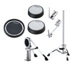 - Setti sisältää: Virveli harjoitusalustan, 8" pikkutomi-harjoitusalustan ja kiinnitys-clampin, 9" lattiatomi-harjoitusalustan piktällä kiinnitystelineellä ja Bassorumpu-padin omalla telineellään
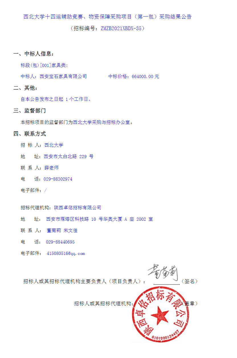 乐投平台十四运辅助竞赛、物资保障采购项目(第一包)中标结果公告
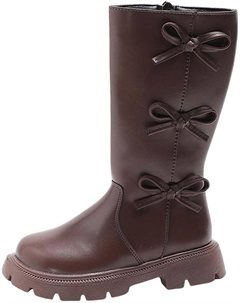 Девочкам высокие сапоги до икры с бантом, длинные винтажные боевые ботильоны, мягкая подошва, противоскользящие, повседневные, для прогулок и снега, Brown
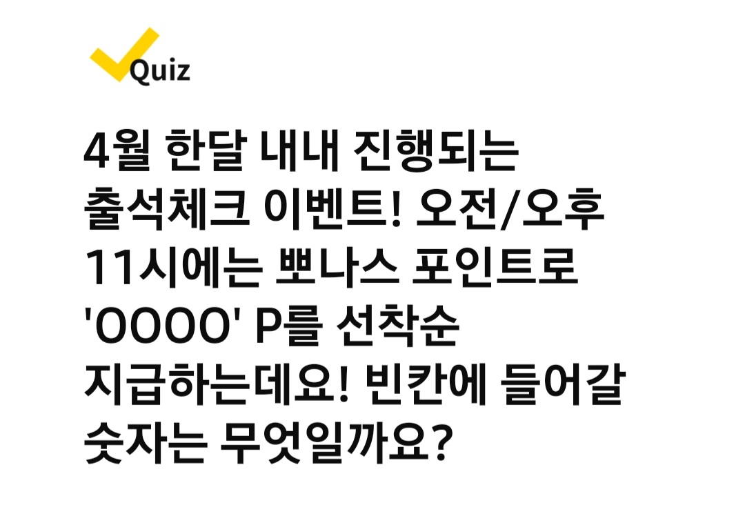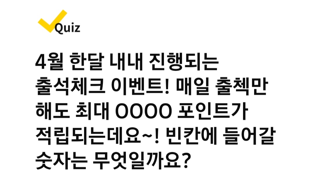 Q. 4월 한달 내내 진행되는 출석체크 이벤트! 매일 출첵만 해도 최대 0000 포인트가 적립되는데요~! 빈칸에 들어갈 숫자는 무엇일까요?
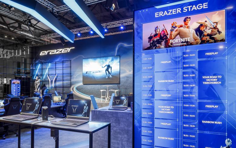 Die Themenwelten Technik, Games und Innovation begegnen sich auf der Standfläche und ermöglichen den Besuchern ERAZER als Marke für High-End-Performances und High-End-Gaming kennenzulernen. Die einfache Zugänglichkeit und die diversen Interaktionsmöglichkeiten schaffen positive Erfahrungen mit den Produkten. Das Gesamterlebnis, von der Markenwahrnehmung bis zu den spielerischen Touchpoints, bietet dem Messepublikum Einblicke in Potentiale von ERAZER.
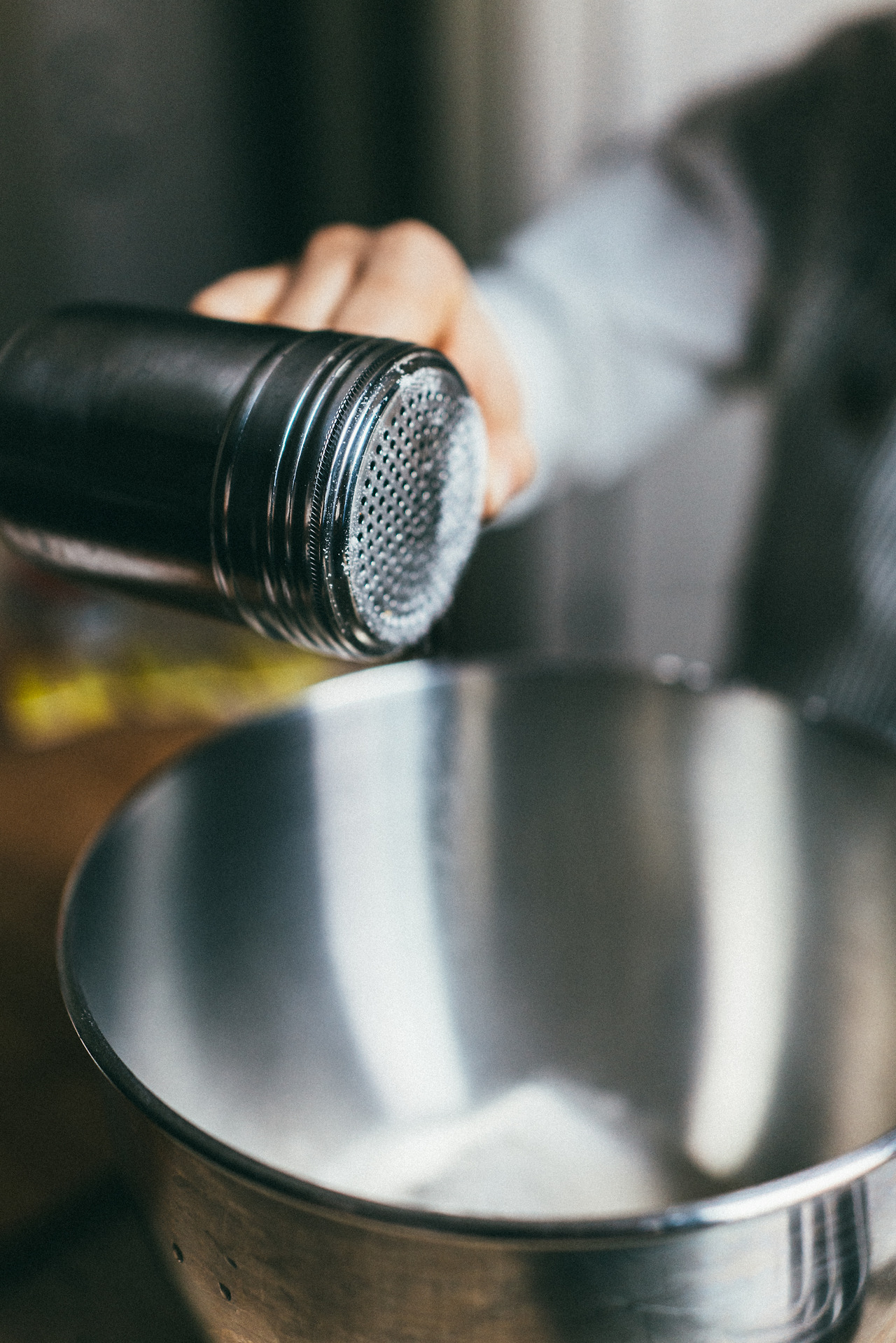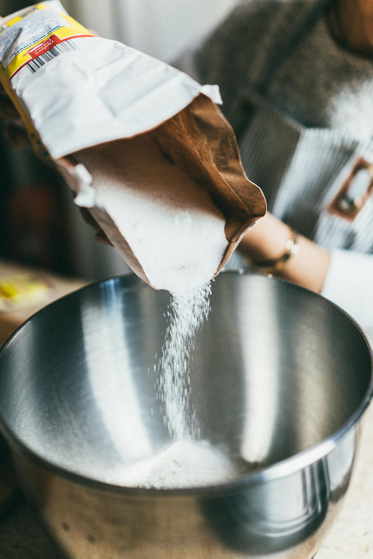 강력분을 넣고 설탕을 넣어준다.

Work to complete: If a line falls between the one containing "Девочкам высокие сапоги" and the last line of the records above, inclusive, restate it exactly; leave out the pictures and everything else.

Answer below:
 Девочкам высокие сапоги до икры с бантом, длинные винтажные боевые ботильоны, мягкая подошва, противоскользящие, повседневные, для прогулок и снега, Brown
 Q. 4월 한달 내내 진행되는 출석체크 이벤트! 매일 출첵만 해도 최대 0000 포인트가 적립되는데요~! 빈칸에 들어갈 숫자는 무엇일까요?
 Die Themenwelten Technik, Games und Innovation begegnen sich auf der Standfläche und ermöglichen den Besuchern ERAZER als Marke für High-End-Performances und High-End-Gaming kennenzulernen. Die einfache Zugänglichkeit und die diversen Interaktionsmöglichkeiten schaffen positive Erfahrungen mit den Produkten. Das Gesamterlebnis, von der Markenwahrnehmung bis zu den spielerischen Touchpoints, bietet dem Messepublikum Einblicke in Potentiale von ERAZER.
 강력분을 넣고 설탕을 넣어준다.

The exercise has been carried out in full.